Not a lot, if it's just to get started. I started off with the John Hopkins Data Science Specialisation by Coursera, which requires very little math. The course website says: "We also suggest a working knowledge of mathematics up to algebra (neither calculus or linear algebra are required)." The next one, Machine Learning by Andrew Ng / Stanford required some basics of linear algebra, but provided an optional module for those who did not have such a background. This covered matrices and vectors, matrix multiplication, inverse.
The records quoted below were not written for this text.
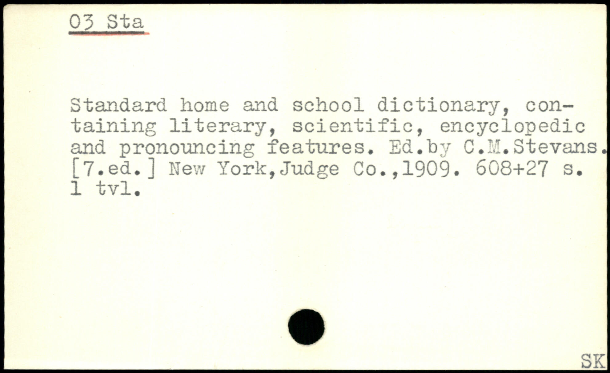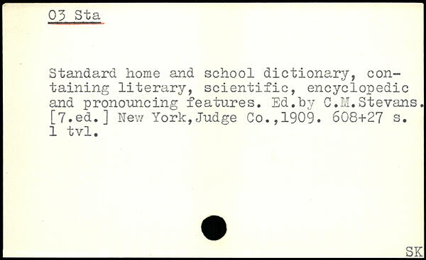 Standard home and school dictionary, containing literary, scientific, encyclopedic and pronouncing features. Ed.by C.M.Stevans. [
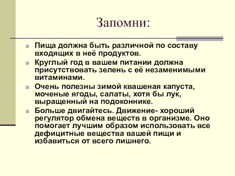Очень полезны зимой квашеная капуста, моченые ягоды, салаты, хотя бы лук, выращенный на подоконнике.
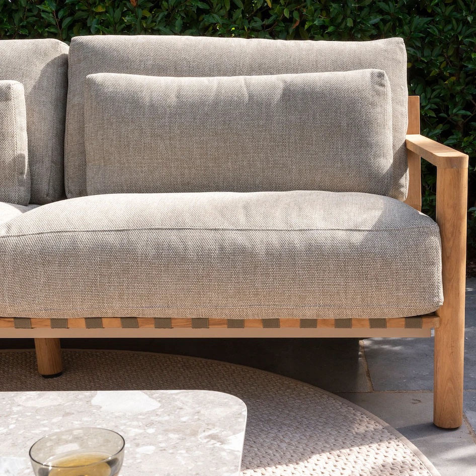 - Dieses Sofa ist aus naturbelassenem Teakholz gefertigt

So the math isn't really difficult if you just want to cover the basics. I should point out one caveat, however. The Coursera Machine Learning course is really a watered down version of the original CS229 from Stanford, where the math is considerably more involved (just take a look at the review notes on linear algebra, probability, convex optimization, etc. to see what they go into). I took a somewhat similar course, Learning from Data by Caltech/edX (see the math from the slides / notes here) and the math got pretty tough, especially at the later part of the course.
Of course, its possible (and likely) that many parts of data science / machine learning do not require such advanced techniques. In many cases, it may be possible to get away with a "black box" approach - i.e. treat the tool as a black box, and not worry too much about what goes on inside the box. However, out of personal interest, it may be worthwhile to understand a bit more about how such algorithms work. Furthermore, who knows whether at some point in the future, you may run into issues with debugging algorithms that require some deeper sort of fundamental knowledge?